This lets you, as an application developer, decide the concrete details of how such libraries behave. Don't want your math library to cache to disk? Give it an allocating writer[0] instead of a file writer. Want to use an library with async functionality on an embedded system without multi threading? Pass it a single threaded io[1] runtime instance, implement the io interface yourself as is best for your target.

Of course someone has to decide implementation details. The choices made in designing Zig tend to focus on giving library authors useful abstractions thst give application authors meaningful control over important decisions for their application.

[0] https://ziglang.org/documentation/master/std/#std.Io.Writer....

[1] https://ziglang.org/documentation/master/std/#std.Io.Threade...


This is also why function coloring is not a problem, and is in fact desirable a lot of the time.

The problem with function coloring is that it makes libraries difficult to implement in a way that's compatible with both sync and async code.

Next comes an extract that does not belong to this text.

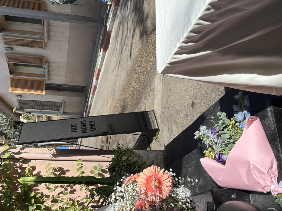 The image captures an outdoor street scene in Tel Aviv-Yafo, Israel, illuminated by bright sunlight creating distinct shadows. In the immediate foreground on the left, a bouquet of blue, purple, and yellow flowers, wrapped in pink paper, rests on a dark, flat surface. Adjacent to this, a floral arrangement featuring prominent orange gerbera daisies and small white flowers is positioned next to a tall, potted columnar cactus and other green foliage against a reddish-brown stucco wall. Centrally located, a tall, rectangular mirror, supported by a black metal stand, stands on the pavement. The mirror's surface prominently displays the white text "HOT MOMS ONLY". Its reflection shows horizontal bands of color. To the right in the foreground, a corner of a table covered with a white tablecloth is partially visible. The mid-ground consists of an asphalt street, bordered by a curb painted with alternating red and white stripes. Across the street, a light-colored, two-story building features multiple windows with open brown wooden shutters and a dark entryway. A grey utility pole is positioned on the far right, partially obscuring the lower torso and legs of a person wearing blue jeans and light-colored sneakers, appearing to walk away from the viewer while carrying a backpack.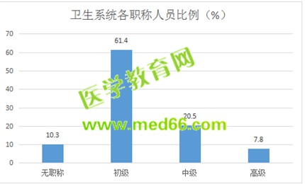 只有通过卫生资格考试才可以晋职称。从下图可以看出,大多数人卫生人员都拥有职称,但是中级职称相对来说比较少。这说明,参加卫生资格考试是大势所趋,通过考试也是有一定难度的。

In Python, I needed to write both sync and async API clients for some HTTP thing where the logical operations were composed of several sequential HTTP requests, and doing so meant that I needed to implement the core business logic as a Generator that yields requests and accepts responses before ultimately returning the final result, and then wrote sync and async drivers that each ran the generator in a loop, pulling requests off, transacting them with their HTTP implementation, and feeding the responses back to the generator.

This sans-IO approach, where the library separates business logic from IO and then either provides or asks the caller to implement their own simple event loop for performing IO in their chosen method and feeding it to the business logic state machine, has started to appear as a solution to function coloring in Rust, but it's somewhat of an obtuse way to support multiple IO concurrency strategies.

On the other hand, I do find it an extremely useful pattern for testability, because it results in very fuzz-friendly business logic implementation, isolated side-effect code, and a very simple core IO loop without much room in it for bugs, so despite being somewhat of a pain to write I still find it desirable at times even when I only need to support one of the two function colors.


My opinion is that if your library or function is doing IO, it should be async - there is no reason to support "sync I/O".

Also, this "sans IO" trend is interesting, but the code boils down to a less ergonomic, more verbose, and less efficient version of async (in Rust). It's async/await with more steps, and I would argue those steps are not great.


> there is no reason to support "sync I/O"

I disagree strongly.

From a performance perspective, asynchronous IO makes a lot of sense when you're dealing concurrently with a large number of tasks which each spend most of their time waiting for IO operations to complete. In this case, running those tasks in a single-threaded event loop is far more efficient than launching off thousands of individual threads.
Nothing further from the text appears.